The noise drew cast members and stage workers like ants to honey, and I departed unnoticed by anyone—except for her. I followed her eyes and for a moment I was sure she was looking right at me, guilty and shaken. I turned away and left the theater. No more games, Christine. The premiere was only a few short weeks away. I would give her that much more time with her young man before I claimed her forever.
I didn't speak to her again, but I watched every move she made, even following her out of the Opera House more than once. I was the unseen shadow, but she sensed me with every step she took. I could see it in the way her eyes darted around in search of a certain, familiar face. Yet she poured herself into the rehearsals, reluctantly at first but soon giving herself over to the music. She had always been powerless to resist my music, and this was the most powerful, beguiling, seductive work I'd ever written. There was nothing she could do to fight it, and it pleased me to see the passion and ecstasy it brought out in her. In time, with music to lead her there, she could come to love me. She would come to love me; of that, I was certain.

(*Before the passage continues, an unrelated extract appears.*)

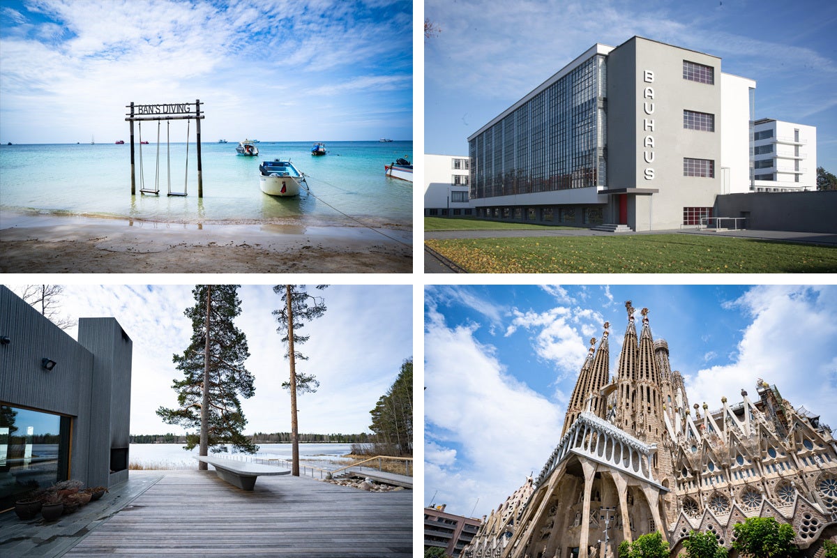左上:タオ島・タイ|右上:バウハウス・デッサウ校・ドイツ|左下:セルラキウス美術館・アートサウナ・フィンランド|右下:サグラダファミリア・バルセロナ・スペイン

And as for her vicomte's plan to capture me, well, I had plans of my own. But...how was I to know, Christine? How was I to know the night would close in around me like a waking nightmare? If I had, I would have done so many things differently. I didn't want it to happen, but all it takes is one breath of wind to send the house of cards falling.
The premiere night came, and while the vicomte was staging his brilliant scheme, I was watching and waiting. The orchestra filed into the pit. The crew readied the stage. The actors were all warming up, teasing each other, gossiping, anything to take their minds off the anxiety. She stood apart, toying fretfully with the shawl of her costume and not meeting anyone's eye. The managers had spread the story that she was to be the heroine of the night, offering herself as bait to apprehend the villainous Phantom, but she looked more like a frightened school girl about to be reprimanded in front of the whole class, and none of the cast had forgiven her for bringing the Phantom's wrath down upon them in the first place.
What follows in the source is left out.